Friday, April 26, 2013

National Poetry Month: Jack Spicer

Jack Spicer
30 January, 1925 - 17 August, 1965

"Sporting Life"
(Jack Spicer)

The trouble with comparing a poet with a radio is that radios
     don't develop scar-tissue. The tubes burn out, or with a
     transistor, which most souls are, the battery or diagram
     burns out replacable or not replacable, but not like that
     punchdrunk fighter in a bar. The poet
Takes too many messages. The right to the ear that floored 
     him in New Jersey. The right to say that he stood six 
     rounds with a champion.

Then they sell beer or go on sporting commissions, or, if the
     scar tissue is too heavy, demonstrate in a bar where the
     invisible champions might not have hit him. Too many of

The poet is a radio. The poet is a liar. The poet is a
     counterpunching radio.

And those messages (God would not damn them) do not even
     know they are champions.


"Sporting Life" appears in The Collected Books of Jack Spicer (Black Sparrow Press).
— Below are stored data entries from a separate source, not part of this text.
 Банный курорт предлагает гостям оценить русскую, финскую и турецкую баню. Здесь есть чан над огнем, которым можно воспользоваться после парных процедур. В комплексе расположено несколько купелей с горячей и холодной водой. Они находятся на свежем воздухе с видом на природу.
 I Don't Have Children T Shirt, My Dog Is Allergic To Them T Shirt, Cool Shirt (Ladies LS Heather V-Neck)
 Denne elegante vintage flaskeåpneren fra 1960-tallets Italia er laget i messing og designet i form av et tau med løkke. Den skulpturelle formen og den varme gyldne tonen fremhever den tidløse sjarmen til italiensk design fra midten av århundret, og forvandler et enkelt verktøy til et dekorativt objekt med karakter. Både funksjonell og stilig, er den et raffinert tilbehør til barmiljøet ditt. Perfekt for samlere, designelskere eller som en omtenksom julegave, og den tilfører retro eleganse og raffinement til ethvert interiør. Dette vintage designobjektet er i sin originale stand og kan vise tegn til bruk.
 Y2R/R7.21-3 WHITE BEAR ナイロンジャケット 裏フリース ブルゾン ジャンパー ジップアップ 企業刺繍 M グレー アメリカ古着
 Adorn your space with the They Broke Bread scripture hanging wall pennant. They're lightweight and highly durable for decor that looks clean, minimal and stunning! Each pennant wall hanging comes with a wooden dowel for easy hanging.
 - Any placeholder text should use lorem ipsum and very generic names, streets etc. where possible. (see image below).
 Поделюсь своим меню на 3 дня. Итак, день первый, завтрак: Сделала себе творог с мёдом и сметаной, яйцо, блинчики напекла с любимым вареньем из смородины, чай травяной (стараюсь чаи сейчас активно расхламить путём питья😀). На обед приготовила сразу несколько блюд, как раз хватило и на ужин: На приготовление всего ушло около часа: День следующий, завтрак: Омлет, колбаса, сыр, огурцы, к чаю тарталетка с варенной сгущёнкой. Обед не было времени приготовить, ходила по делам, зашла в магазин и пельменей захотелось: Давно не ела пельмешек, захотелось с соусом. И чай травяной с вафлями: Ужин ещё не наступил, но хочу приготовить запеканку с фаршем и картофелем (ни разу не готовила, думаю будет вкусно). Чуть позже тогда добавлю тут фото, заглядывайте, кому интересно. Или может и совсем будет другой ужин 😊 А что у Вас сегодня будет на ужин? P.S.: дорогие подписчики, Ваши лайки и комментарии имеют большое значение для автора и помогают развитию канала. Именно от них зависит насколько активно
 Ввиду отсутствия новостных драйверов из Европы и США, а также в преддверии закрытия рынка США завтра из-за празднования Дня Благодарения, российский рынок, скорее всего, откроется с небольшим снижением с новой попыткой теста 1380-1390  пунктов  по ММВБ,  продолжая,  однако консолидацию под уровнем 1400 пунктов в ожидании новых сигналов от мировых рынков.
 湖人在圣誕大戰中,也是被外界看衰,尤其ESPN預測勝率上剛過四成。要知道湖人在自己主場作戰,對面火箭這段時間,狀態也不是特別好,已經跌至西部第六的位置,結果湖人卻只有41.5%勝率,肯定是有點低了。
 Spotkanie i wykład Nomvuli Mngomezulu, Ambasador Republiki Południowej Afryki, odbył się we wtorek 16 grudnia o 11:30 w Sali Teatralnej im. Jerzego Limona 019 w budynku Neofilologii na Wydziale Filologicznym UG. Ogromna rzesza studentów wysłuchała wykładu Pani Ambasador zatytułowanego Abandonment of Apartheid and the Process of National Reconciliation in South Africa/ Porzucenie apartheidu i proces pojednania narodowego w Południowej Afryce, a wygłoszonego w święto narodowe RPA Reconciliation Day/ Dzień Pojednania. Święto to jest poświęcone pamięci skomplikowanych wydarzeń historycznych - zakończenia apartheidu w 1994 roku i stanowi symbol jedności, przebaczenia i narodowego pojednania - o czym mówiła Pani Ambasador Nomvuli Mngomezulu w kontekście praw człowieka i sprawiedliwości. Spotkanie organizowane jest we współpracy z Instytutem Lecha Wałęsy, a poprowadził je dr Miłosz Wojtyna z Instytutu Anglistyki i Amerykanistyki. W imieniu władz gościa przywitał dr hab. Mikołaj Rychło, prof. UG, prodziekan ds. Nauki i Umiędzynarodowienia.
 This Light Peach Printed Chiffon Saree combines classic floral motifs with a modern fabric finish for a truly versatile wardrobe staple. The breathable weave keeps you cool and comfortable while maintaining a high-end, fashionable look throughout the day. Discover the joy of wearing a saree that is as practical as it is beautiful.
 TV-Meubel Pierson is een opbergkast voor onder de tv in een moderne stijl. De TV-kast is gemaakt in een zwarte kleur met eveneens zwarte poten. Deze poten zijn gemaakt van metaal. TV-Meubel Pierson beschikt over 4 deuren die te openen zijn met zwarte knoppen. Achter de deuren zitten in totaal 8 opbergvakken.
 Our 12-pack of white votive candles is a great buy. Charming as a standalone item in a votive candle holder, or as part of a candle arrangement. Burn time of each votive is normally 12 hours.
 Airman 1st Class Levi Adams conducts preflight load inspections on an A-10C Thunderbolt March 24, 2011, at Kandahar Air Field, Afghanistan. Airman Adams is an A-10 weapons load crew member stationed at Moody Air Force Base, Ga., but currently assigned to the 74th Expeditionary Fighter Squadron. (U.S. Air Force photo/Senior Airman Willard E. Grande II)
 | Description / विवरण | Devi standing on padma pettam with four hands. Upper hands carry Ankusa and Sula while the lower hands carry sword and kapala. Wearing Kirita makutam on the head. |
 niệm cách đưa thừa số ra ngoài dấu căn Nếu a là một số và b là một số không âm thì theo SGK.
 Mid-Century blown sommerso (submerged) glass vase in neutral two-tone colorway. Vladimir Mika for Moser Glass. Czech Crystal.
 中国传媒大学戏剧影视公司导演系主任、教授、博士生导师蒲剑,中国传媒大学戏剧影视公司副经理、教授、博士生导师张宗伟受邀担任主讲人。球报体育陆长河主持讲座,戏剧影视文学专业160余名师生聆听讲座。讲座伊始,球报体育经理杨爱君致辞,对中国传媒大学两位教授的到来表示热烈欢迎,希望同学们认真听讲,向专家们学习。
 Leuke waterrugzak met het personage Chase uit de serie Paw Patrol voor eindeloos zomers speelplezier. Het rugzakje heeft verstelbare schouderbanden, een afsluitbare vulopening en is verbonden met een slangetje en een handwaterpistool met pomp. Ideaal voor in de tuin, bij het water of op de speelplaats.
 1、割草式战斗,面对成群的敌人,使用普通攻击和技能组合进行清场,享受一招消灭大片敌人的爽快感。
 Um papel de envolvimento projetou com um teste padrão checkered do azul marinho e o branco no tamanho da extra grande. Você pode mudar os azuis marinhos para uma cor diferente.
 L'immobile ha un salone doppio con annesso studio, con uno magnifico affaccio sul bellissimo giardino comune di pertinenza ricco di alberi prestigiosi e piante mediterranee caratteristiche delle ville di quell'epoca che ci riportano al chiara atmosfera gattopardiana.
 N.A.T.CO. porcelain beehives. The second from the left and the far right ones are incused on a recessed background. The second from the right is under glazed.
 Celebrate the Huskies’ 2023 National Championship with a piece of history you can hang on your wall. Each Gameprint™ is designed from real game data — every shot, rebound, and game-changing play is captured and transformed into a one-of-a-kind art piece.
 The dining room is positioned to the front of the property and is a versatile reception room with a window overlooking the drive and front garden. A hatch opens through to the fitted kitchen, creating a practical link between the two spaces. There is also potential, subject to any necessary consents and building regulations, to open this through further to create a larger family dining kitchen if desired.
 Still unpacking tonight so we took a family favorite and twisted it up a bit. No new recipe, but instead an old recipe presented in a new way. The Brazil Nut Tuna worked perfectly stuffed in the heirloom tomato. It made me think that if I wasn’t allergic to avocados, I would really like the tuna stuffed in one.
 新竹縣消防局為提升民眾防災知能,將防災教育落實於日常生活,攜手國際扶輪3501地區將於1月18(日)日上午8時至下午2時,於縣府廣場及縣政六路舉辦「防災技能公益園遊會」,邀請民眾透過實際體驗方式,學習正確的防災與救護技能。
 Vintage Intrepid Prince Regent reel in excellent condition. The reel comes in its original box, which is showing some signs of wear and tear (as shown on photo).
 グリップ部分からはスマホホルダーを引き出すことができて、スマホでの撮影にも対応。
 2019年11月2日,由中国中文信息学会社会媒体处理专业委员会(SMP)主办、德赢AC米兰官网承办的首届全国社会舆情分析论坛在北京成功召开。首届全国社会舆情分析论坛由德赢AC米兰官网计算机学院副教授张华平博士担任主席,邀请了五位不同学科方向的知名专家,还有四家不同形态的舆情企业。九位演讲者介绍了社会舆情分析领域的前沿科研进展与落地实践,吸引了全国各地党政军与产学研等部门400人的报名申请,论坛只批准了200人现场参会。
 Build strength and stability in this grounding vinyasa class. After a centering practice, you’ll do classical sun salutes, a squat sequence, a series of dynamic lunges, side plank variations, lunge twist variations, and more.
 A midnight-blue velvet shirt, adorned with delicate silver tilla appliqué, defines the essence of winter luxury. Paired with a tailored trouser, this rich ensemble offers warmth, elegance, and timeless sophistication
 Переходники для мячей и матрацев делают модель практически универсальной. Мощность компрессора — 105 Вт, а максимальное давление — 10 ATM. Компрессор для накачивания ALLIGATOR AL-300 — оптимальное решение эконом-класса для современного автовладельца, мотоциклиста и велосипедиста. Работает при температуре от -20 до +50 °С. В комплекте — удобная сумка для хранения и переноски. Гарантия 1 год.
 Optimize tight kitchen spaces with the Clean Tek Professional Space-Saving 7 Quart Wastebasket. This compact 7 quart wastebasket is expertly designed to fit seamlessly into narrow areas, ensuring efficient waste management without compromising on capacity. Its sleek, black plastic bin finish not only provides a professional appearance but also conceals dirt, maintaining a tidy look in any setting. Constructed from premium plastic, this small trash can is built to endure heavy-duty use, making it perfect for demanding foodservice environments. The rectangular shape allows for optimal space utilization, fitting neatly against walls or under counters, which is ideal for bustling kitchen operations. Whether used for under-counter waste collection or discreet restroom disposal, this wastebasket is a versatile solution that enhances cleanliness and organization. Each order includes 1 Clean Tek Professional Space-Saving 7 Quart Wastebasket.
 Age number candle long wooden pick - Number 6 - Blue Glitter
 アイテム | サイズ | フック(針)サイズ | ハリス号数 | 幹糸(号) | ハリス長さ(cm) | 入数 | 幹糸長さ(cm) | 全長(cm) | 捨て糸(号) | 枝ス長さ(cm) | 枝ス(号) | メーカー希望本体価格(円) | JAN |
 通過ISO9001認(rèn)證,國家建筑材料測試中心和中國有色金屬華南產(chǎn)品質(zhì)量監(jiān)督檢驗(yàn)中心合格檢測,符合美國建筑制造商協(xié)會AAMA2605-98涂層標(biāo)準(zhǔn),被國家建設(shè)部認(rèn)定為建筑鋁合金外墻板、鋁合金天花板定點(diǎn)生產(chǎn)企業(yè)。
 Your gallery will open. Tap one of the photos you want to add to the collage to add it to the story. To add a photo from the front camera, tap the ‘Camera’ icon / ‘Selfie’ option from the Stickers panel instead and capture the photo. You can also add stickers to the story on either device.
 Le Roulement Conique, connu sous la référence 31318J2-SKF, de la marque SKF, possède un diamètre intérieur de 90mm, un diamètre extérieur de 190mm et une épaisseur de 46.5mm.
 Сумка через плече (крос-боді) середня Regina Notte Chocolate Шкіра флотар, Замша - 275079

Several of his books were published only posthumously; many of his poems were either withheld or appeared during his lifetime in small poetry zines. The poetry journal that Spicer briefly published in mimeograph went by the suggestive initial, J, a mere letter away from the autobiographical I. 

He had highbrow and pop obsessions — baseball, Rimbaud, Greek mythology, Jean Cocteau’s Orpheus films -- but his poetry was often deliberately awkward, often with a break in the middle of a word that threatens to annul its meaning, “In- / Ability,” “Limit- / Less,” “No- / Body.” In the book After Lorca, he includes fairly orthodox translations of a smattering of Lorca’s poems, with some distinctive Spicer poetics mixed in:

"I yell 'Shit' down a cliff at an ocean. Even in my lifetime the immediacy of that word will fade. It will be as dead as 'Alas.' But if I put the real cliff and the real ocean into the poem, the word 'Shit' will ride along with them, travel the time-machine until cliffs and oceans disappear …. Words are what sticks to the real…. The perfect poem has an infinitely small vocabulary."

In 2010 Wesleyan Poetry Series published an anthology edited by Kevin Killian and Peter Gizzi, My Vocabulary Did This To Me: The Collected Poetry of Jack Spicer.